Respect for Hispanic Americans Act: GOP wants to ban use of ‘latinx’ in federal agencies
The bill introduced by Senators Marco Rubio and Ted Cruz emulates the state law passed in Arkansas earlier this year.
Are the days of "Latinx" numbered? The term to refer to Hispanics in a gender-neutral way already had poor popularity ratings among the Hispanic community and among Americans in general.
The term has also been banned in official documents in some states such as Arkansas. Now the federal government's time may have come: the Respect for Hispanic Americans Act bill, introduced late last week, seeks to ban “Latinx” from official federal communications or forms.
"Hispanic Americans don’t need fabricated woke terminology imposed on us," said Senator Marco Rubio, the bill's sponsor along with Ted Cruz. "The term 'Latinx' has no place in our federal agency’s official communication as it’s a degradation tossed around by progressive elites."
"Hispanic Americans overwhelmingly oppose the term 'Latinx,'" recalled Cruz, who also pledged to make sure the "government does not bow to woke activists."
State projects
"'Latinx' is a woke invention of the neo-Marxist left and as such should never be used to refer to someone of Latin American or Hispanic ancestry," argued Florida Congresswoman Maria Elvira Salazar's office.

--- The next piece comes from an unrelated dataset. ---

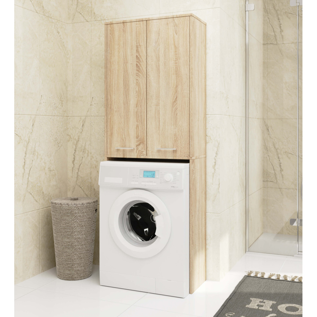 Dulap baie pentru masina de spalat, 2 usi si 4 rafturi, stejar sonoma
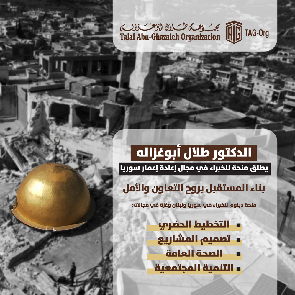 طلال أبوغزاله يطلق منحة للخبراء في مجال إعادة إعمار سوريا: بناء المستقبل بروح التعاون والأمل

Salazar presented her own bill to veto the use of the floor by the federal administration. Introduced in April, the Reject Latinx Act is still pending in the House Oversight and Accountability Committee.
But Republicans are not the only ones to take legislative action to ban "Latinx." A group of five Democratic legislators introduced a bill that would have banned its use in official Connecticut.
Geraldo Reyes Jr., the main promoter of the initiative, asserted that "Latinx" was not a Spanish word, but a woke term, as reported by ABC News. According to the same media outlet, the invented term was "offensive" to members of the Puerto Rican community, such as himself.
Three months later, however, Reyes himself abandoned the first initiative and co-sponsored another legislative proposal which, instead of banning "Latinx," compelled public agencies to "attempt to solicit feedback from the members or representatives of such community regarding whether the use of such term is appropriate."
The second proposal became law last June, while the first one did not pass the first legislative instance.